LONDON: Gold prices steadied on Monday but remained poised for their worst monthly showing since September as the US Federal Reserve’s plans for interest rate hikes boosted the dollar, driving away bullion investors.
Spot gold was last down 0.1% at $1,788.77 per ounce by 1015 GMT. US gold futures rose 0.2% to $1,789.60.
“The Fed’s hawkishness is largely unmatched by other major central banks, strongly supporting the dollar, which represents quite a headwind for gold,” ActivTrades senior analyst Ricardo Evangelista said.
The dollar index eased slightly but is still en route to a monthly gain, limiting gold demand as a firmer greenback makes bullion more expensive for holders of other currencies.
The US Federal Reserve plans to raise interest rates in March on the assumption the economy will largely steer clear of fallout from the Omicron coronavirus variant and keep growing at a healthy clip.
Although gold is considered a hedge against inflation, interest rate hikes would raise the opportunity cost of holding non-yielding bullion.
Gold has lost about 2.1% so far this month, its most since September last year.

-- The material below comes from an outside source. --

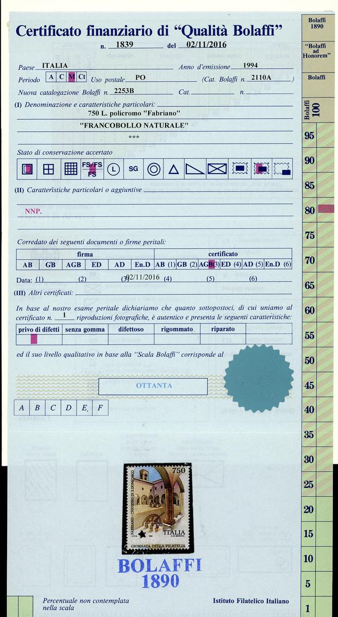 1994 - 750 lire Giornata della Filatelia, dentellatura orizzontale fortemente spostata in basso, francobollo naturale "Fabriano in basso" (Bol. 2253B), nuovo, gomma originale integra, perfetto e di ottima qualità. Cert. finanziario Bolaffi 80%.

January provided quite a good example of what’s driving gold, Julius Baer analyst Carsten Menke said, adding that initially there was a positive performance on rising inflation fears and then the Fed and its view of a strong economy reversed this, and brought prices back below $1,800.
“Our base case is still that the global economy is in recovery mode, which means that there is no strong case for safe haven demand... and that’s why prices should move rather lower than higher, even though we don’t see a lot of downside.”
Spot palladium was up 1.7% at $2,416.37, with the auto-catalyst metal set for a monthly gain of nearly 28%, its best since February 2008.
Silver gained 0.4% to $22.50 an ounce, while platinum firmed 0.2% to $1,009.41.